Getting things right is not easy, especially in complex languages like
jsonnet. In my own experience though, every time you limit the expressivity of
config languages you end up inventing even more complex workarounds in the end
(e.g. external templating and things like that).

------
mikelward
I use something like this that a Googler shared with me.

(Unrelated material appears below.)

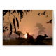 Kangaroos settle down for the night. Cockatoos fly overhead with a blazing sunset behind them. Computer art by Kathie Miller.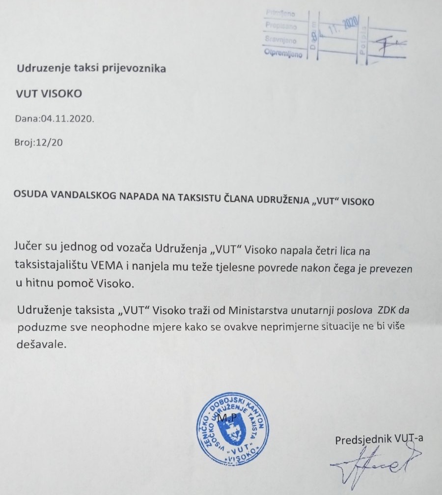 Udruženje taksista „VUT“ Visoko traži od Ministarstva unutarnji poslova ZDK da poduzme sve neophodne mjere kako se ovakve neprimjerne situacije ne bi više dešavale.

It's super helpful to get around the way Gmail doesn't really let you order
rules.

This helps you generate mutually exclusive rules, so the ordering doesn't
matter.

[https://github.com/mbrt/gmailctl/blob/master/README.md#chain...](https://github.com/mbrt/gmailctl/blob/master/README.md#chain-
filtering)

------
techntoke
The real benefit Gmail has over most other email solutions, including Outlook,
is labels for emails which are like virtual mailboxes. Almost all IMAP-based
solutions I've seen don't attempt to solve this problem, which is why people
keep using Gmail. If something like this was automated through Dovecot, people
would be much more likely to host there own email.

------
stevekemp
That's a pretty awesome project! I wrote something to automate label
manipulation too, but I used a simple scripting language.

I migrated from self-hosted mail where I had the power of procmail, to gsuite,
where I had less flexibility. Making simple filters via the google UI is easy,
but it gets complicated when you want to look at both the subject and the
sender - to file "Facebook comment replies", "Facebook messages", and
"Facebook event invitations" under different labels for example.

It's a pain to authenticate, but once that's done I like my solution. Downside
is you need to run it under cron:

[https://github.com/skx/labeller/](https://github.com/skx/labeller/)

The appeal of this gmailctl is that it keeps everything native, and doesn't
require a server to run a cronjob. Nice work.

------
mwarkentin
I wonder if a terraform provider for gmail would make sense.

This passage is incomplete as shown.